Pelatihan pertama harus dikombinasikan dengan pelatihan khusus tentang
teknik komunikasi untuk tujuan konseling dengan bawahan sejak dari tahap
pembicaraan tentang target-target sasaran yang harus diakui adalah bahwa sedikit
manajer atau supervisor yang sudah mempunyai kemampuan tersebut secara alami,
sehingga mereka harus mendapatkan pelatihan. Termasuk dalam pelatihan ini adalah
adalah teknik hubungan antara pribadi yang konstruktif;mendengarkan menyemangati
dan menangani bawahan yang berkeberatan dan mengajukan protes
5. Panduan tertulis.
Bersamaan dengan langkah pertama departemen SDM menyiapkan sebuah
panduan tertulis untuk menjadi pegangan bagi semua atasan yang menilai disertai
formulir-formulir penilaian yang diperlukan.

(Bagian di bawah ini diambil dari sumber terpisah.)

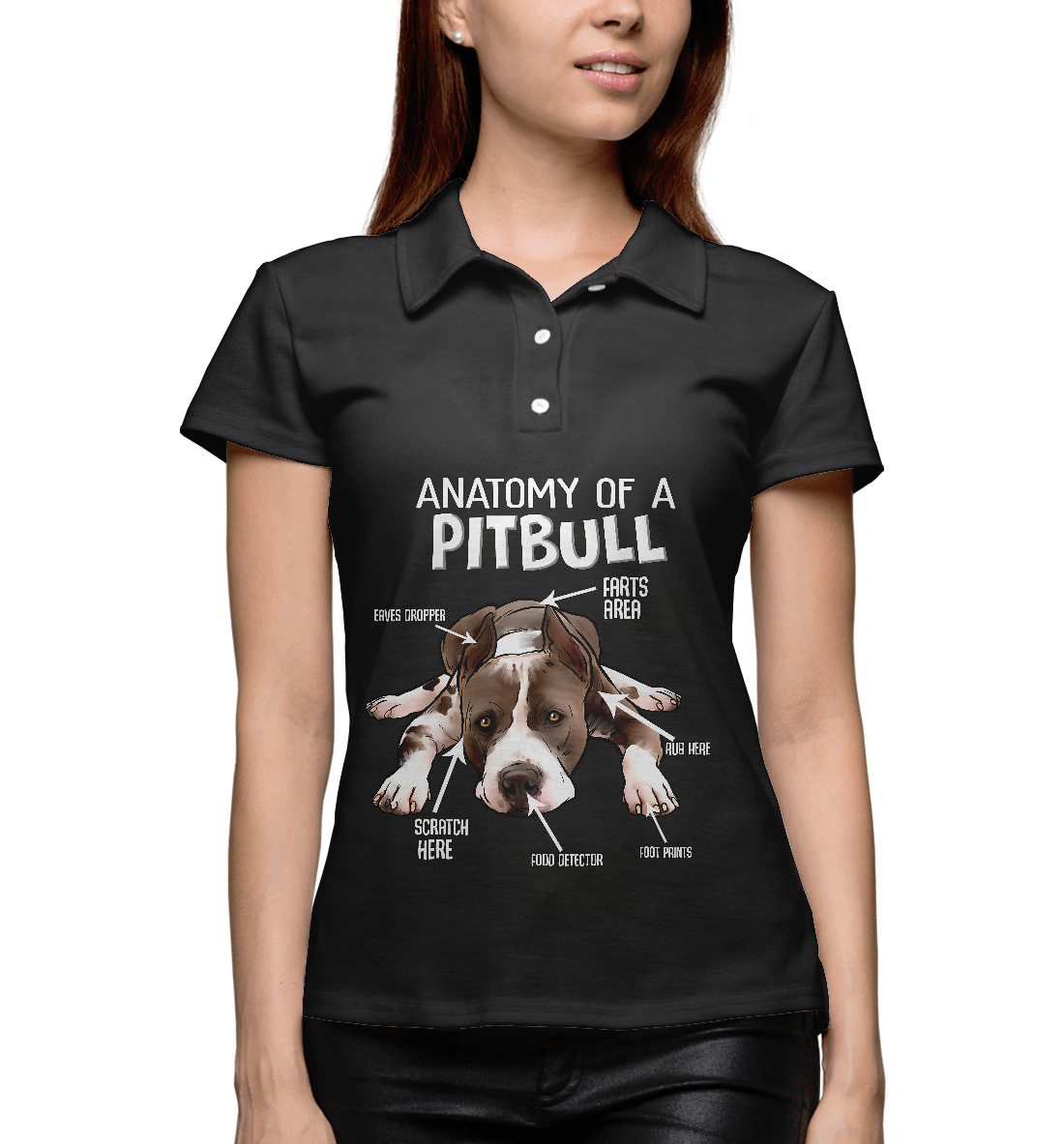 Женское поло с принтом «Анатомия Питбуля»
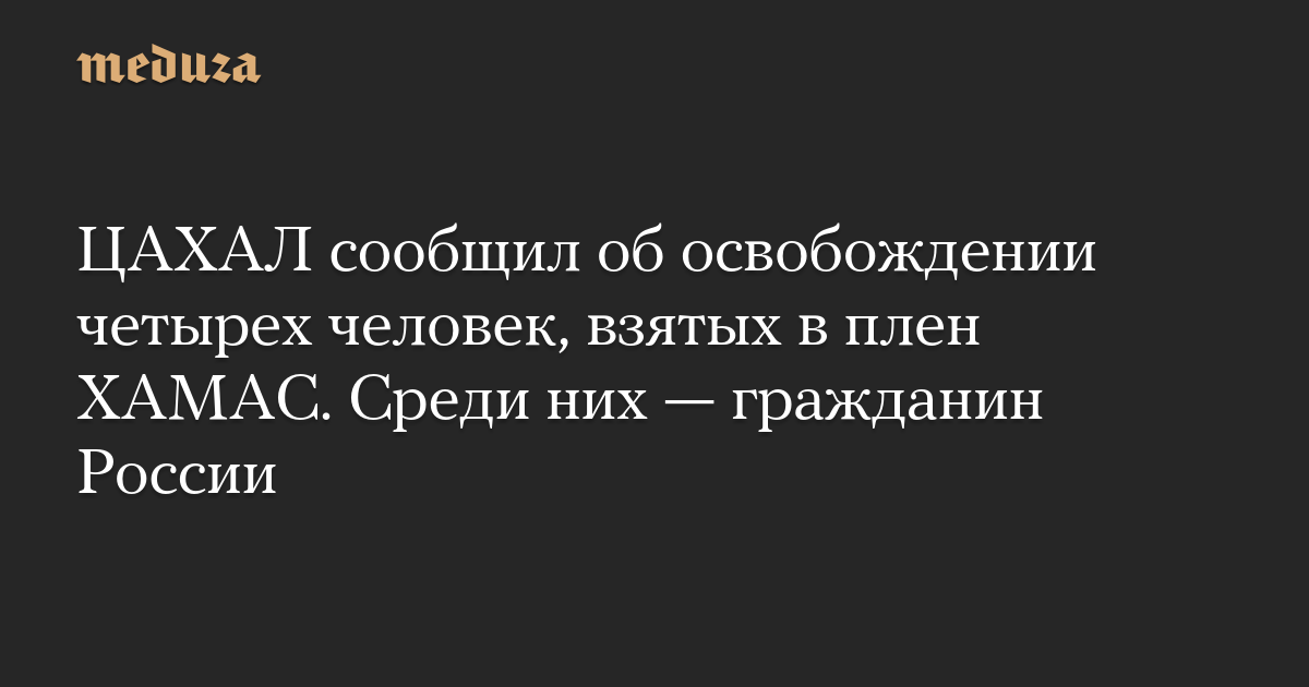 ЦАХАЛ сообщил об освобождении четырех человек, взятых в плен ХАМАС. Среди них — гражданин России
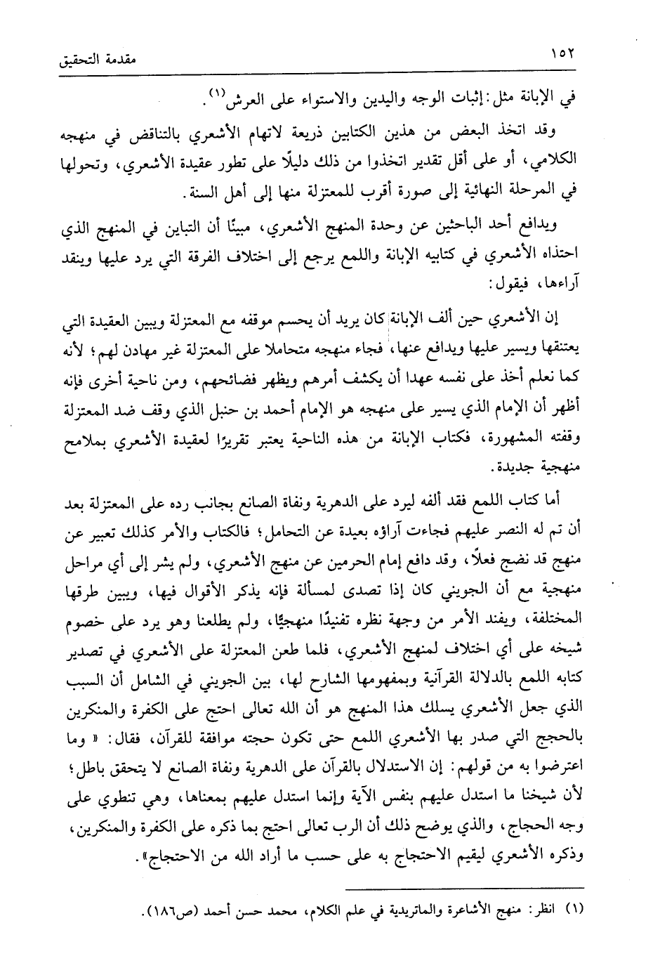 ويدافع أحد الباحثين عن وحدة المنهج الأشعري، مبينًا أن التباين في المنهج الذي احتذاه الأشعري في كتابيه الإبانة واللمع يرجع إلى اختلاف الفرقة التي يرد عليها وينقد آراءها، فيقول:
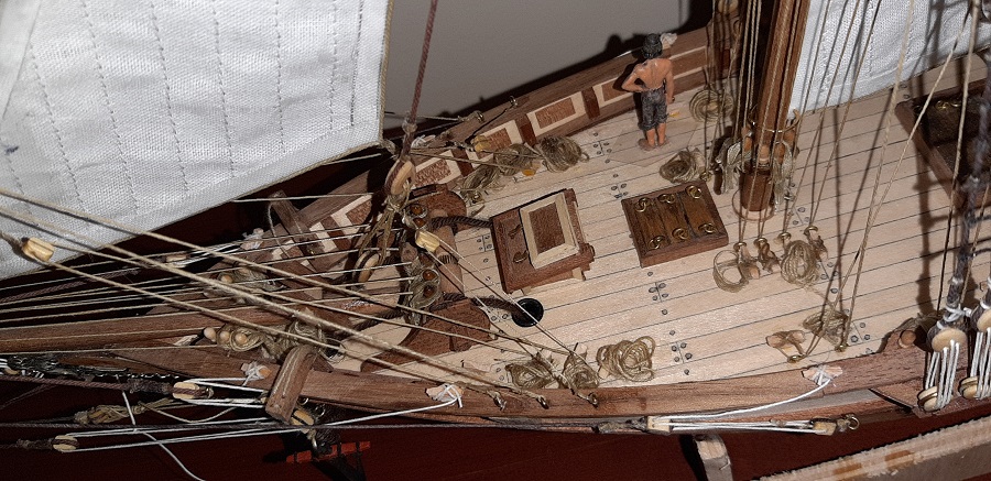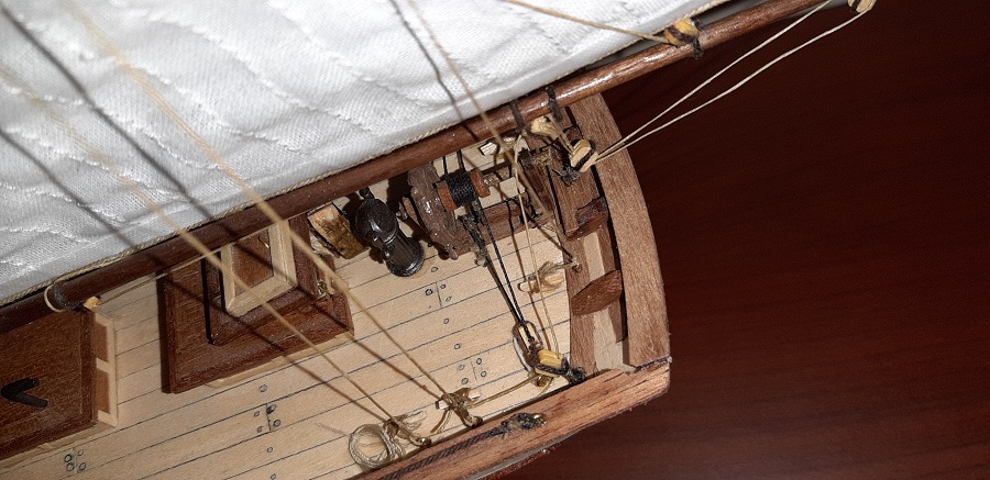 A co do samego modelu, jestem niezwykle szczęśliwy, że go ukończyłem. Przygoda trwająca ponad rok zakończyła się. O wy model jak do tej pory jest świadectwem moim skromnych umiejętności zdobywanych od perły czyli jakieś 8lat. Najbardziej niezadowolony jestem z pokładu i poszycia.... Najbardziej zadowolony jestem z olinowania. Wykorzystałem tu mnóstwo nowych dla mnie rozwiązań, nurkowałem grzebałem, przy okazji dostałem trochę literatury. Gdybym tego nie miał model nie odstawał by "jakością" od "sławnego" tu korsarza. Zdobyte doświadczenie na pewno zaprocentuje w przyszłości, mam nadzieję niedalekiej. Dzięki za rady, "konstruktywną" ;) krytykę. Na pewno to pomogło. Szczególne podziękowania dla Kol. Karrexa który to na forum "gazetkowym" od początku mojej relacji z szkunera pomagał mi i starał się rozwiązać jak że banalne (teraz dla mnie jest to banalne), problemy. Podobnie do @oksal I @ dali.

Panduan tertulis dan formulir yang akan
digunakan harus tersedia pada waktu pelatihan dilaksanakan.
6. Sosialisasi sistem manajemen kinerja
Setelah semua persiapan selesai, harus dilakukan sebuah program sosialisasi
tentang sistem manajemen kinerja kepada semua karyawan bawahan yang prestasinya
harus dinilai. Sosialisasi ini bisa dilakukan melalui semacam seminar 2-3 jam melalui
pertemuan singkat dalam tiap unit kerja dan penjelasan tertulis.
7. Periode percobaan (trial period)
Menyusul program sosialisasi harus diberlakukan sebuah periode percobaan
untuk men-test semua persiapan dan mengevaluasi pelaksanaan, sehingga perbaikan
yang perlu dapat diambil. Karena itu, sebaiknya persiapan untuk menerapkan sistem
manajemen kinerja berbasis MBS/SKI sudah selesai 1 atau 2 bulan sebelum tahun
masa kerja perusahaan/ organisasi dimulai.
Penutup
Dari apa yang telah diuraikan diatas dapat disimpulakan bahwa penerapan
sistem manajemen kinerja yang berorientasi pada output/ MBS dapat membantu
organisasi/ perusahaan untuk merencanakan
dengan lebih tepat dan lebih baik. Disamping itu sistem tersebut juga diharapkan
dapat meningkatkan prestasi kerja karyawan, baik secara individu maupun kelompok
dengan memberikan kesempatan kepada mereka dengan memenuhi kebutuhan
aktualisasi diri dalam rangka pencapaian tujuan organisasi dengan menetapkan
bersama sasaran kerja dan standar prestasi yang harus dicapai.
DAFTAR PUSTAKA
Bacal,Robert,2004,Performance Manajement, terjemahan Suryadharma dan Yanuar
Irawan, Gramedia, Jakarta.
Dharma, Agus. 1991. Manajemen Prestasi Kerja. Rajawali Pers. Jakarta.
Haris, Abdul.2005. Pilar Perusahaan Unggul. Gramedia Pustaka Utama. Jakarta.
Ruky, Achmad, 2004, Sistem Manajement Kinerja, Gramedia, Jakarta.
Siagian, Sondang P.2002. Kiat Meningkatkan Produktivitas Kerja. Rineka Cipta.